SOREANG, (PR).- Proses penerimaan peserta didik baru (PPDB) tingkat sekolah menengah pertama (SMP) di Kabupaten Bandung akan dimulai pada 24 Juni 2019 mendatang. Namun sebelumnya, Dinas Pendidikan Kabupaten Bandung akan melakukan sosialisasi sepekan sebelumnya.

Kepala Bidang SMP pada Disdik Kabupaten Bandung Maman Sudrajat mengatakan, tahun ini pihaknya akan berpegang penuh pada ketentuan yang sudah ditetapkan oleh pemerintah pusat. "PPDB dilakukan untuk tiga kategori yaitu jalur prestasi, jalur zonasi dan jalur perpindahan orang tua," ujarnya saat dihubungi, Selasa, 11 Juni 2019.

Jalur zonasi, ditetapkan minimal 90 persen dari total kuota penerimaan. Sedangkan sisanya maksimal 5 persen untuk jalur prestasi dan maksimal 5 persen untuk jalur perpindahan orang tua.
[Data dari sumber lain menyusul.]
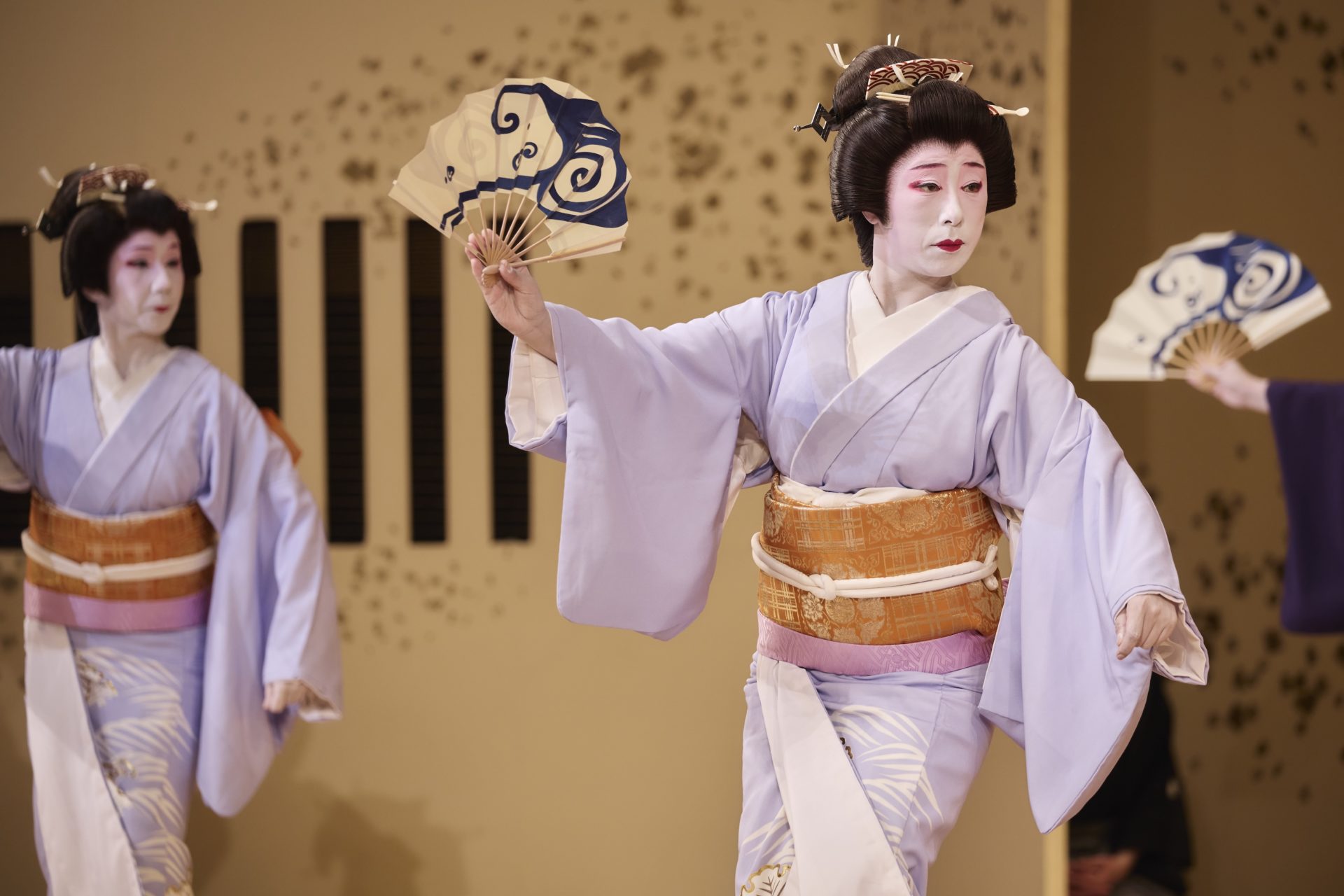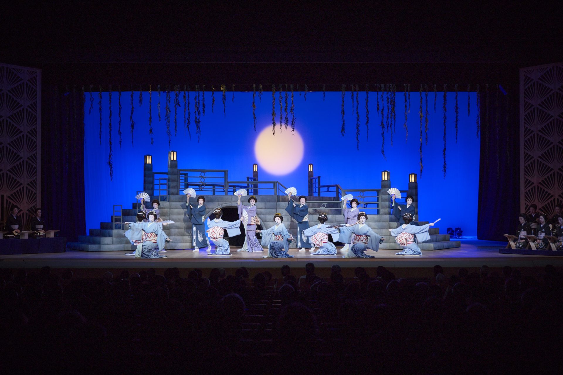休憩無しの二幕目、ここが各地の芸者衆の踊りです。二花街から五花街が日替りで出演、それぞれの色を競う七日間となります。休憩を挟み三幕目、テンポよく転換する楽曲もさまざまなお好みの舞台、ここに新橋芸者衆は出揃います。それは暗転からの口上、フィナーレへ続き終幕を迎えます。

Menurut Maman, kategori tersebut masih tak berbeda jauh dari PPDB tahun sebelumnya. "Tahun lalu sebenarnya jalur zonasi juga 90 persen, tetapi kami masih memadukannya dengan nilai siswa," ujarnya.

Tahun lalu, kata Maman, 70 persen jalur zonasi sepenuhnya untuk siswa yang bertempat tinggal paling dekat dengan sekolah yang dituju. Namun 20 persen masih bisa diisi oleh siswa yang nilainya bagus.
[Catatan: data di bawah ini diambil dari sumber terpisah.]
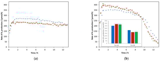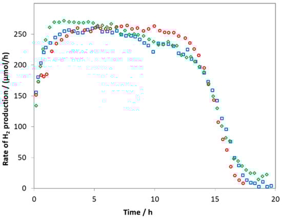 In this paper, we depicted the rate of hydrogen production (RHP) as a function of the illumination time, but in the bar diagrams, its average calculated for the 200–400 min time range is represented. RHP is provided by μmol H2 evolved during one hour (i.e., the unit of measurement is μmol/h). The temperature of the collected hydrogen was the same for each experiment (22 °C), we used the same light source and geometrical arrangement for all irradiations in this work. Hence, RHP is linearly proportional to the quantum yield of the hydrogen production.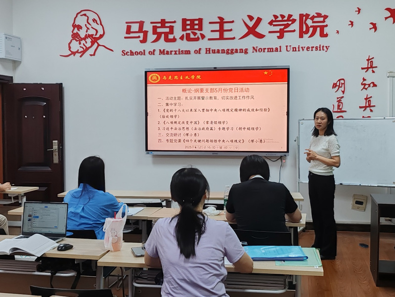 与会同志们在前期学习5月理论学习材料基础上进行了热烈讨论。潘松文同志认为,全面从严治党和党的自我革命是高校思政课的重要内容,需通过课堂教学、案例分析等方式,引导学生深刻理解:王彬同志认为,制定和落实中央八项规定,在党的建设史上具有重要里程碑意义,作为教师党员,我们不仅要认真学习、严格践行,更要大力宣传;常清煜同志认为,当前,全党正在开展深入贯彻中央八项规定精神学习教育,全体党员、干部要认真学习习近平总书记关于加强党的作风建设的重要论述和中央八项规定及其实施细则精神,学习好运用好深入贯彻中央八项规定精神的成效和经验,以优良作风凝心聚力、教书育人,为把人人插人人操建成第一学院、为黄冈师范学院早日更名大学,做出自己的贡献。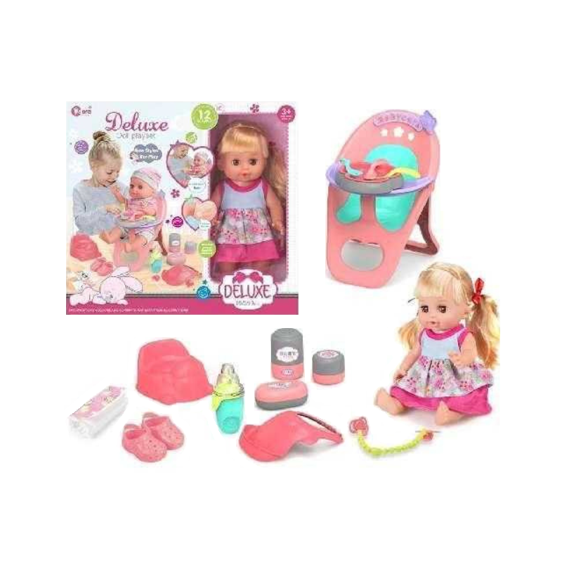 Κούκλα μωρό με καρεκλάκι φαγητού και πλήρες σετ αξεσουάρ φαγητού και φροντίδας για να φροντίσεις την κούκλα σου σαν ένα πραγματικό μωράκι!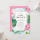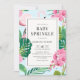 Convite festivo e festivo à aspersão de bebês, com ilustrações de folhas tropicais, flamingo rosa e orquídeas cor-de-rosa, com padrão de bolinhas para o verso do convite. Este convite tropical cor-de-rosa é perfeito para o verão e chás de aspersão de bebês de luau.

Maman menegaskan, tahun ini pihaknya ditekankan untuk sepenuhnya menggunakan kuota jalur zonasi untuk menerima siswa berdasarkan tempat tinggal, sesuai dengan Peraturan Menteri Pendidikan dan Kebudayaan Nomor 51 Tahun 2018. "Perbedaan lain adalah 5 persen tahun lalu untuk jalur afirmasi, sekarang untuk jalur perpindahan orang tua," ucapnya.

Oleh karena itu, Maman mengimbau para orang tua untuk menyekolahkan anak mereka ke sekolah terdekat dengan tempat tinggal. Tak perlu memandang sekolah itu negeri atau swasta.
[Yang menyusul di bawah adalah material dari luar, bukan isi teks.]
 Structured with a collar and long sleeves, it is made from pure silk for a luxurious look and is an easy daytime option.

Maman mengakui bahwa sekolah swasta memang masih diperbolehkan memungut iuran dari orang tua siswa, tak seperti negeri yang dilarang memungut. "Namun swasta juga sudah kami imbau untuk membebaskan biaya bagi siswa kategori miskin, karena mereka juga sudah kami bantu dengan dana bantuan operasional sekolah (BOS)," ujarnya.

Hal itu, kata Maman, dikarenakan tidak tertutupnya kemungkinan sekolah negeri tak bisa menampung semua calon siswa yang mendaftar. Soalnya mereka memang mengalami keterbatasan sarana dan prasarana, termasuk jumlah ruang kelas.

Tahun ini, Maman melansir setiap sekolah negeri diberikan kuota maksimal menerima siswa untuk 11 rombongan belajar (rombel). Setiap rombel tersebut, dibatasi maksimal diisi oleh 36 siswa.

Meskipun demikian, Disdik Kabupaten Bandung juga terus melakukan penambahan sekolah dan ruang kelas baru setiap tahun. "Contohnya tahun ini kami sedang membangun SMPN Kutawaringin 2 dan SMPN Katapang 3 serta rencananya ke depan akan dibangun SMPN Cimaung 2," ujarnya.

SMPN Katapang 3, kata Maman, bahkan sudah menerima siswa tahun ini. Kemungkinan siswanya akan dititipkan ke sekolah lain terlebih dulu jika pembangunan belum selesai.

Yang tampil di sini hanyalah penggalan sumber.